- What the task requires -
Transcribe the entries below exactly, starting with the line that has "Wagu namun wangun, itulah" and stopping after the line that has "蓋斯特觀點(diǎn):下半"; no pictures belong in the copy.

*** Data records ***

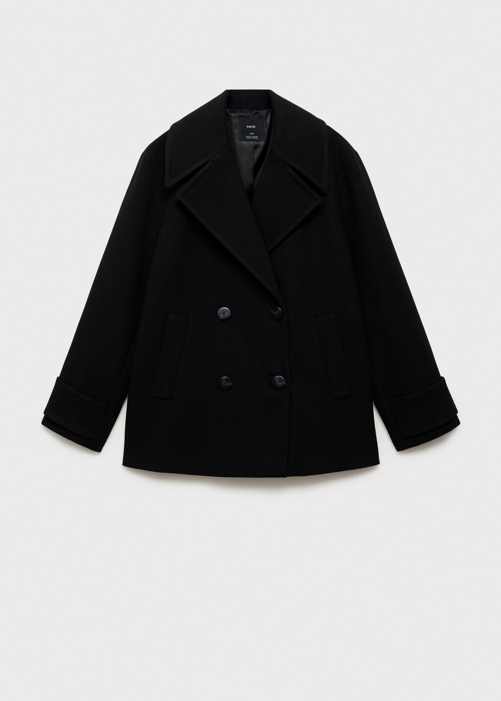 в состав входит шерсть, перекрёстный фасон, прямой крой, воротник с лацканами, лацканы с вырезом, длинные рукава с манжетами-хлястиками на пуговице, два боковых кармана, спереди двубортная застежка на пуговицы, внутренняя подкладка,, . внешняя длина: 44,8 cm . длина спины: 75,2 cm
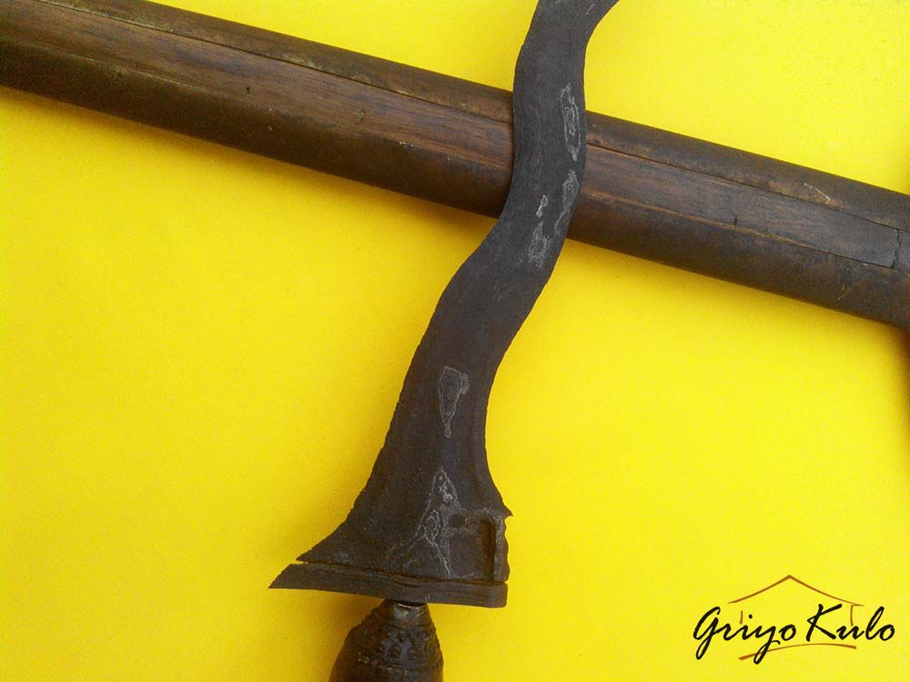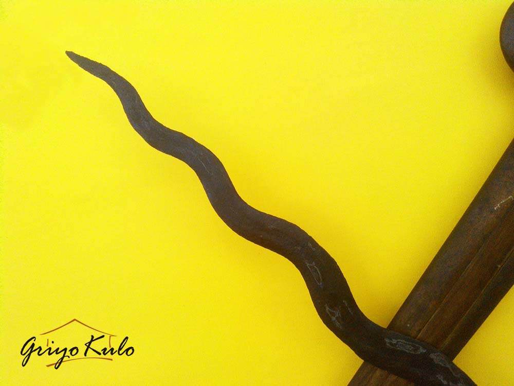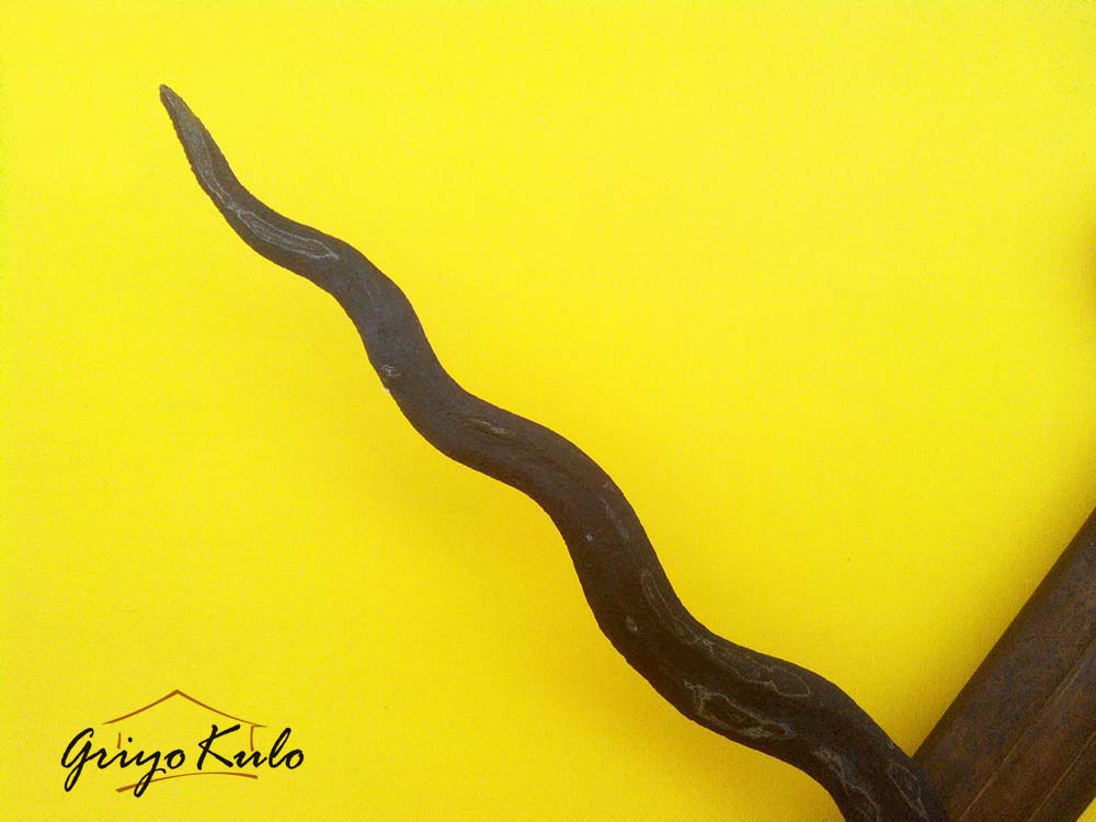 Wagu namun wangun, itulah kesan medalam pertama yang bisa dirasakan. Memang, mulai dari tarikan awal luknya hingga jatuhnya ujung keris (panitis) yang mendongak mempunyai kekhasan yang berbeda dengan langgam daerah manapun. Bentuk sekar kacang cupet dan posisi pesi yang centre di tengah bilah menambah penampilan uniknya. Jika dicermati lebih lanjut bentuk pejetan yang ada tampak dalam, serta tidak berimbang sisi kanan dan kirinya. Bagian sraweyan dan tikel alis tampak memanjang membentuk kruwingan di kanan kiri sepanjang luk pertama dan selanjutnya berganti dengan kruwingan di tengah menuju ke atas. Serat besinya halus, padat, dan tampak basah seolah membawa darah Majapahit. Begitu juga dengan tantingannya sangat ringan, jika disentil bergema nyaring pertanda ditempa melalui sebuah kematangan. Jika dilihat dari sisi pinggir (sisi tajam) meski bilah ini tergolong masih cukup tebal menampakkan lekukan-lekukan yang mengesankan tanda bekas pijitan jari tangan. Sandangan yang ada juga masih tampak wingit, bawaan sebelumnya. Patina yang ada pada pendok dan mendak-nya sengaja dibiarkan apa adanya, menambah ke-otentikan-nya. Sebuah harta karun yang beruntung masih bisa didapatkan dari pelosok dusun.
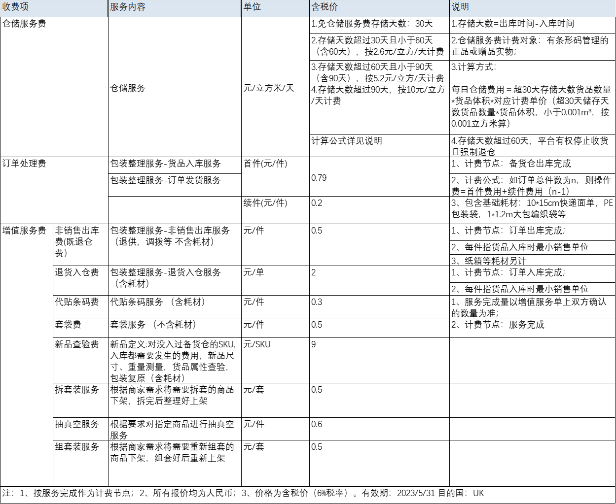 a. 仓储类服务费及订单处理费:目的国:UK,价卡有效期至2023/5/31。
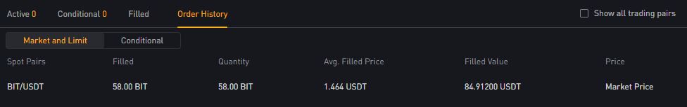 바이비트 거래소에 상장하자마자 그냥 시장가로 매도했습니다.
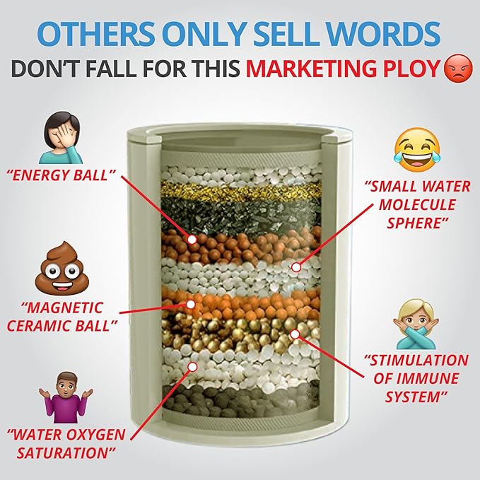 - NO BS SHOWER FILTER - Marketing gimmicks like Energy & Ceramic Balls are made of clay with no function. We use 100% REAL filtration media (sediment, carbon, KDF & calcium sulfite) for the best shower experience possible & longer filter lifetime (6 Months) by only filling up the cartridge with filter media that works.
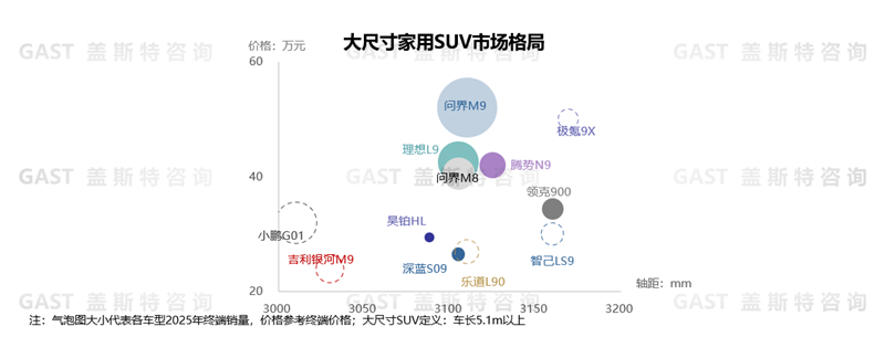 蓋斯特觀點(diǎn):下半年將有至少6款大尺寸SUV新品上市,疊加上半年上市車型逐步上量,全年銷量有望突破35萬輛。從競爭態(tài)勢看,30萬級以上市場格局相對固化,新進(jìn)入者上量難度大;而20-30萬級市場因車企集中布局,未來競爭將持續(xù)加劇,其中深藍(lán)、樂道的新車具備較大突圍潛力。
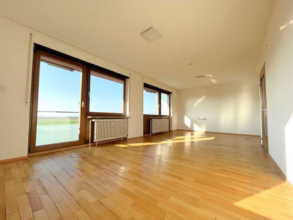 Herzstück der Wohnung ist der helle und offene Wohn- und Essbereich. Durch die großzügigen Fensterflächen genießen Sie hier viel Tageslicht und einen weiten Blick über die umliegende Landschaft. Von hier aus gelangen Sie auch auf den Balkon, der Ihnen einen wunderbaren Ausblick bietet – der ideale Ort, um den Feierabend entspannt ausklingen zu lassen.
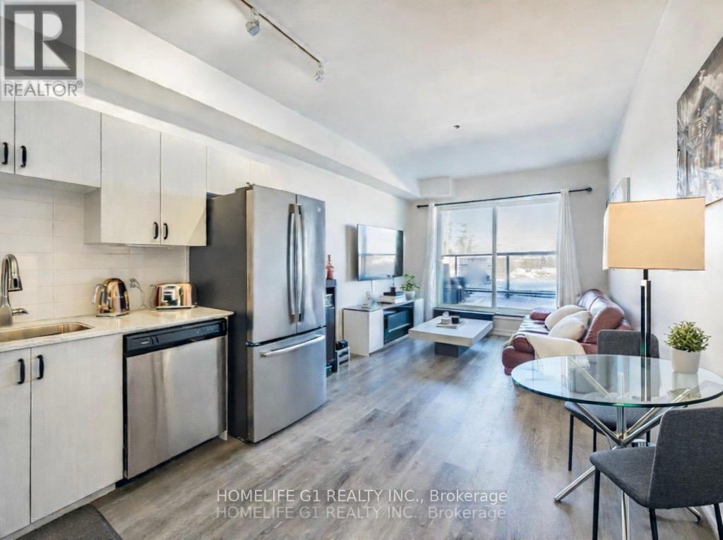 Step into beautiful contemporary living with this stylish 1+1 bedroom. Den is perfect for a small office or a small second room. Designed for comfort and functionality, the unit features in-suite laundry, a private large balcony, and a parking spot. Residents enjoy access to premium building amenities, including a fully equipped fitness center, party room, outdoor BBQ area, and electric vehicle charging stations. Freshly painted with neutral colors and elegant kitchen decor and sophisticated luxurious vinyl plank flooring. Very clean and spacious modern unit. Perfectly located just 4 minutes from Highway 400, this Condo offers seamless access for commuters while being close to shopping, dining, and everyday essentials. Whether you're a first-time buyer, downsizer, or investor, this is an opportunity not to be missed. (id:4555)
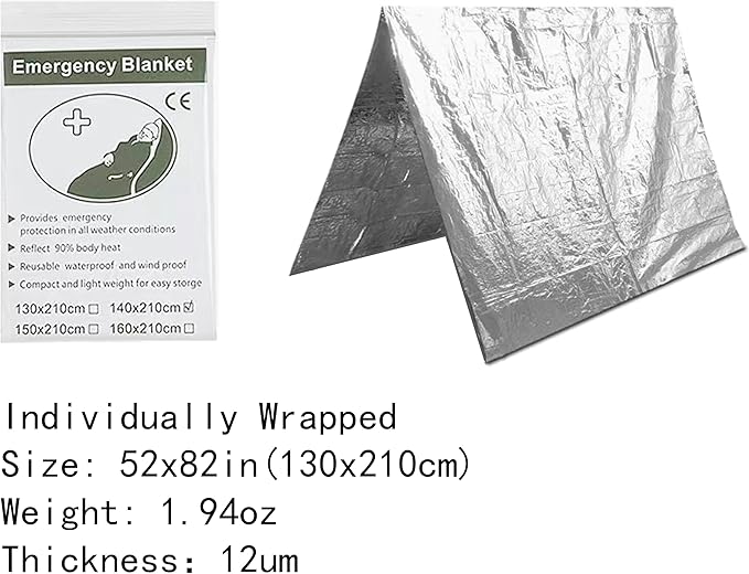 - FULL BODY PROTECTION: Each 82" x 52" emergency thermal blanket for camping is bigger than normal safety camping emergency blankets.
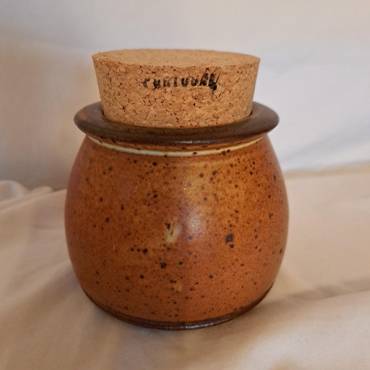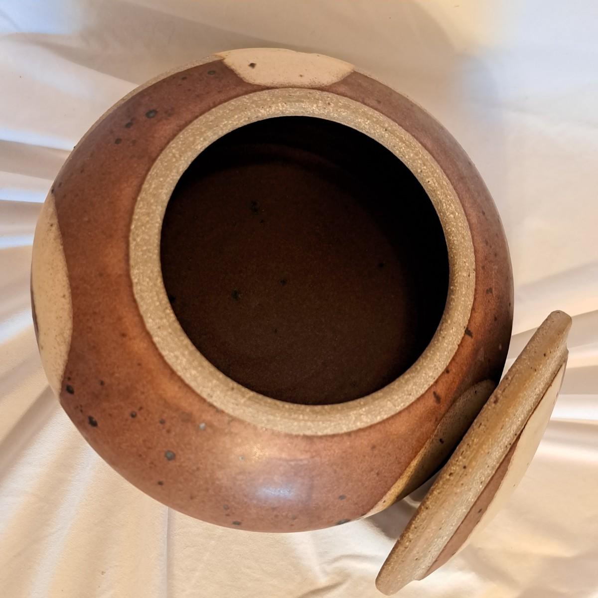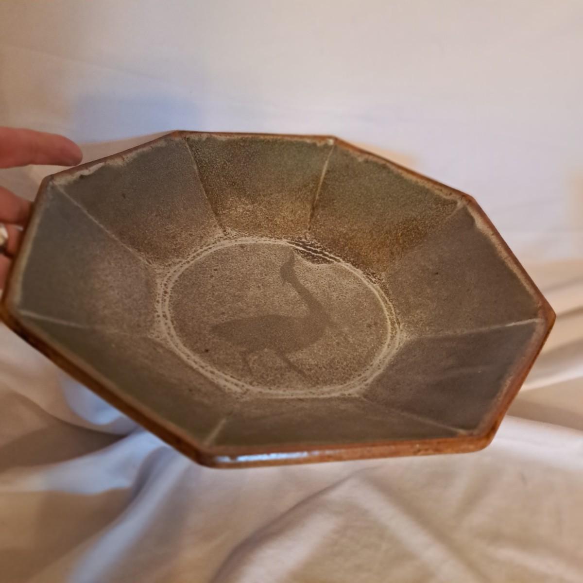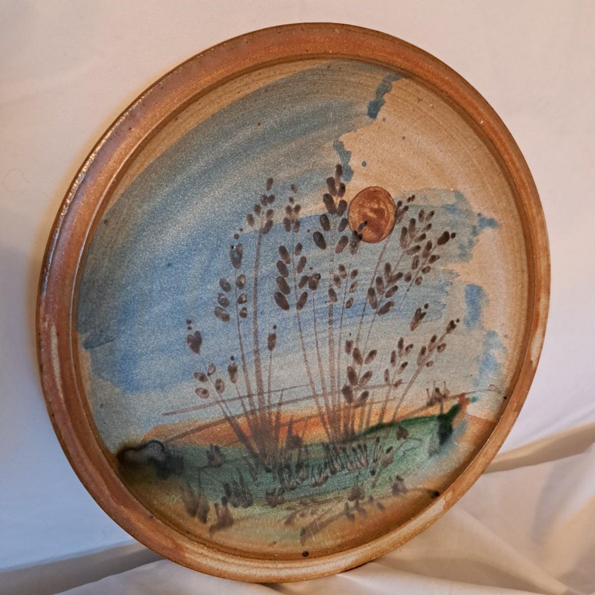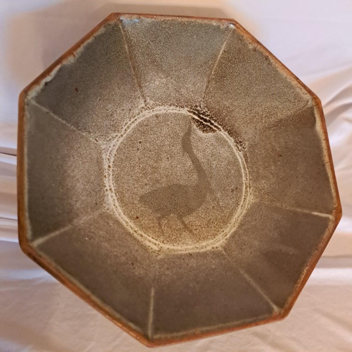 Grouping of six includes - the largest - a 12"H pottery jar with turned lid, an octagonal bowl with a bird in its center (possibly a heron), a hand-painted decorative wall plate with what might be an Outer Banks sunrise/sunset scene with sea oats blowing in the wind, a large lidded round jar with white swirls, a small crock with cork top and - the smallest - a 1.5"H dish (or top). All have makers' marks at bottom except for the small dish/top. The small crock appears.to be signed by Jim Coleman. Shipping available. Shipping can be costly. We suggest contacting our preferred local shipping provider, Postage Express, with dimensions and getting an estimate before bidding: (828) 255-9250 or shipping@postageexpressnc.com.

*** End of Data records ***

- Written response -
 Wagu namun wangun, itulah kesan medalam pertama yang bisa dirasakan. Memang, mulai dari tarikan awal luknya hingga jatuhnya ujung keris (panitis) yang mendongak mempunyai kekhasan yang berbeda dengan langgam daerah manapun. Bentuk sekar kacang cupet dan posisi pesi yang centre di tengah bilah menambah penampilan uniknya. Jika dicermati lebih lanjut bentuk pejetan yang ada tampak dalam, serta tidak berimbang sisi kanan dan kirinya. Bagian sraweyan dan tikel alis tampak memanjang membentuk kruwingan di kanan kiri sepanjang luk pertama dan selanjutnya berganti dengan kruwingan di tengah menuju ke atas. Serat besinya halus, padat, dan tampak basah seolah membawa darah Majapahit. Begitu juga dengan tantingannya sangat ringan, jika disentil bergema nyaring pertanda ditempa melalui sebuah kematangan. Jika dilihat dari sisi pinggir (sisi tajam) meski bilah ini tergolong masih cukup tebal menampakkan lekukan-lekukan yang mengesankan tanda bekas pijitan jari tangan. Sandangan yang ada juga masih tampak wingit, bawaan sebelumnya. Patina yang ada pada pendok dan mendak-nya sengaja dibiarkan apa adanya, menambah ke-otentikan-nya. Sebuah harta karun yang beruntung masih bisa didapatkan dari pelosok dusun.
 a. 仓储类服务费及订单处理费:目的国:UK,价卡有效期至2023/5/31。
 바이비트 거래소에 상장하자마자 그냥 시장가로 매도했습니다.
 - NO BS SHOWER FILTER - Marketing gimmicks like Energy & Ceramic Balls are made of clay with no function. We use 100% REAL filtration media (sediment, carbon, KDF & calcium sulfite) for the best shower experience possible & longer filter lifetime (6 Months) by only filling up the cartridge with filter media that works.
 蓋斯特觀點(diǎn):下半年將有至少6款大尺寸SUV新品上市,疊加上半年上市車型逐步上量,全年銷量有望突破35萬輛。從競爭態(tài)勢看,30萬級以上市場格局相對固化,新進(jìn)入者上量難度大;而20-30萬級市場因車企集中布局,未來競爭將持續(xù)加劇,其中深藍(lán)、樂道的新車具備較大突圍潛力。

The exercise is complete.